(Supplied material)

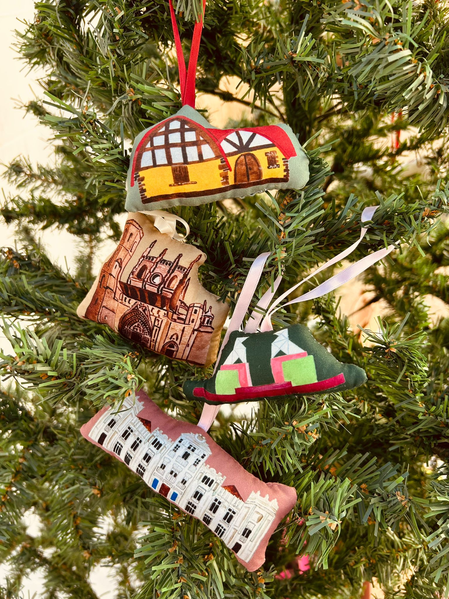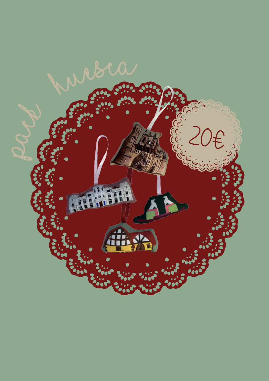 Pack de 4 adornos navideños compuesto por la catedral, la casita de Blancanieves, las pajaritas y el casino. Todos los adornos están diseñados y fabricados artesanalmente en Huesca, con popelín estampado y rellenos de guata.
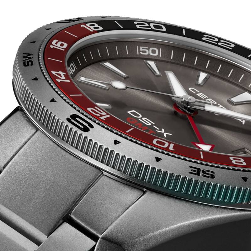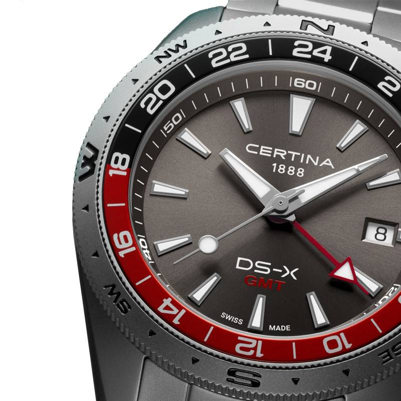 La Certina DS-X GMT innove par son impressionnante étanchéité de 20 ATM, permettant une utilisation en toute sérénité lors d'activités aquatiques telles que la natation et la plongée. Ce niveau d'étanchéité est rendu possible grâce à des caractéristiques de conception comme le fond de boîtier vissé, qui assure une protection maximale contre l'entrée de l'eau.
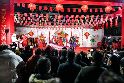 正月十五晚,嘉鱼县陆溪镇虎山社区一场吃美食看表演猜灯谜的盛大元宵晚会正在湖北卫视萌虎闹“荆”元宵直播。

(End Supplied material)

- [What is being asked]:
The response should be the full material, repeated exactly, with images removed.

- [Solution to this problem]:
 Pack de 4 adornos navideños compuesto por la catedral, la casita de Blancanieves, las pajaritas y el casino. Todos los adornos están diseñados y fabricados artesanalmente en Huesca, con popelín estampado y rellenos de guata.
 La Certina DS-X GMT innove par son impressionnante étanchéité de 20 ATM, permettant une utilisation en toute sérénité lors d'activités aquatiques telles que la natation et la plongée. Ce niveau d'étanchéité est rendu possible grâce à des caractéristiques de conception comme le fond de boîtier vissé, qui assure une protection maximale contre l'entrée de l'eau.
 正月十五晚,嘉鱼县陆溪镇虎山社区一场吃美食看表演猜灯谜的盛大元宵晚会正在湖北卫视萌虎闹“荆”元宵直播。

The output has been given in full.